Content starts

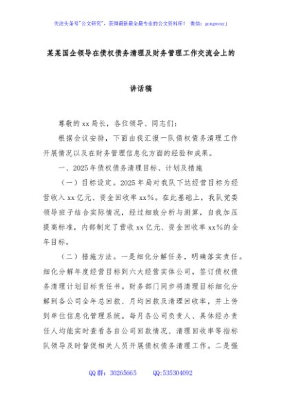 / 某某国企领导在债权债务清理及财务管理工作交流会上的讲话稿
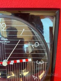 orologio da parete anni 80 di Diamantini e Domeniconi azienda Italiana fondata nel 1968 a Pesaro Urbino, l’orologio ha la scocca in legno laccato nero con due particolari lancette bianche e rosse con fondo nero e righe bianche classico degli anni 80 , funziona con batteria a stilo non inclusa….misura 23x23x 2,5 cm. Spedizione a vostro carico o ritiro a mano a Parabiago…
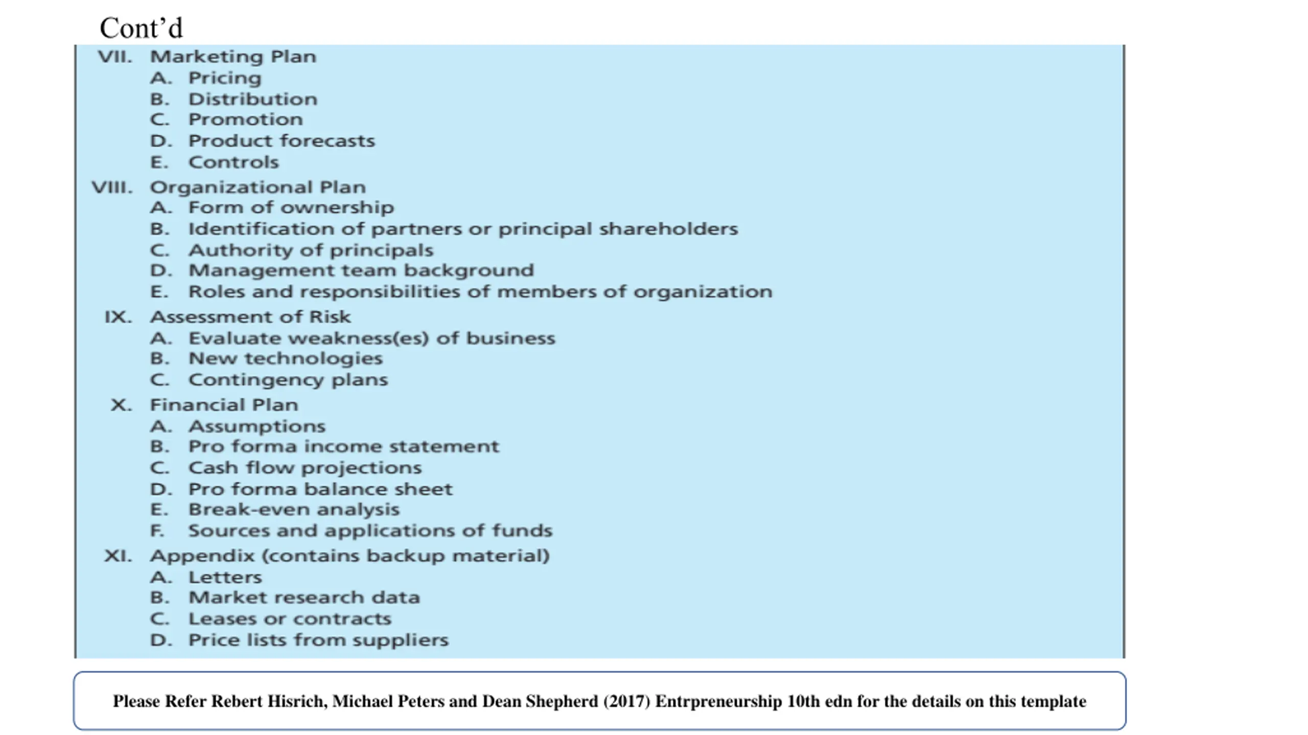 Contd Please Refer Rebert Hisrich, Michael Peters and Dean Shepherd (2017) Entrpreneurship 10th edn for the details on this template
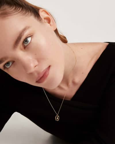 The power of a name knows no bounds. A name carries truth, it tells a story. With self-love as a permanent state of mind, this collection embodies uniqueness and celebrates confidence within a new design framework. Harking back to the 1990s and reimagining their enchanting nostalgia, floating letters rise as the ultimate personal symbol: a new reality is born from a piece of jewelry that highlights your true self and speaks your name out loud. Labradorite, tiger's eye, mother-of-pearl, and colorful crystals blend in a luminous, slightly squared oval that holds your initial like a treasure, creating a timeless necklace that will become your personal icon. As if floating in mid-air, an 18-karat gold-plated initial hangs within an amulet, a prominent 925 sterling silver piece that will transform into a bold statement of intent. The nuances and veining surrounding the semi-precious stones are exclusive characteristics of each individual necklace, making each jewel truly unique in the world.

Content ends

* What to produce
Exclude the pictures and print the rest of the data exactly.

* Result
 / 某某国企领导在债权债务清理及财务管理工作交流会上的讲话稿
 orologio da parete anni 80 di Diamantini e Domeniconi azienda Italiana fondata nel 1968 a Pesaro Urbino, l’orologio ha la scocca in legno laccato nero con due particolari lancette bianche e rosse con fondo nero e righe bianche classico degli anni 80 , funziona con batteria a stilo non inclusa….misura 23x23x 2,5 cm. Spedizione a vostro carico o ritiro a mano a Parabiago…
 Contd Please Refer Rebert Hisrich, Michael Peters and Dean Shepherd (2017) Entrpreneurship 10th edn for the details on this template
 The power of a name knows no bounds. A name carries truth, it tells a story. With self-love as a permanent state of mind, this collection embodies uniqueness and celebrates confidence within a new design framework. Harking back to the 1990s and reimagining their enchanting nostalgia, floating letters rise as the ultimate personal symbol: a new reality is born from a piece of jewelry that highlights your true self and speaks your name out loud. Labradorite, tiger's eye, mother-of-pearl, and colorful crystals blend in a luminous, slightly squared oval that holds your initial like a treasure, creating a timeless necklace that will become your personal icon. As if floating in mid-air, an 18-karat gold-plated initial hangs within an amulet, a prominent 925 sterling silver piece that will transform into a bold statement of intent. The nuances and veining surrounding the semi-precious stones are exclusive characteristics of each individual necklace, making each jewel truly unique in the world.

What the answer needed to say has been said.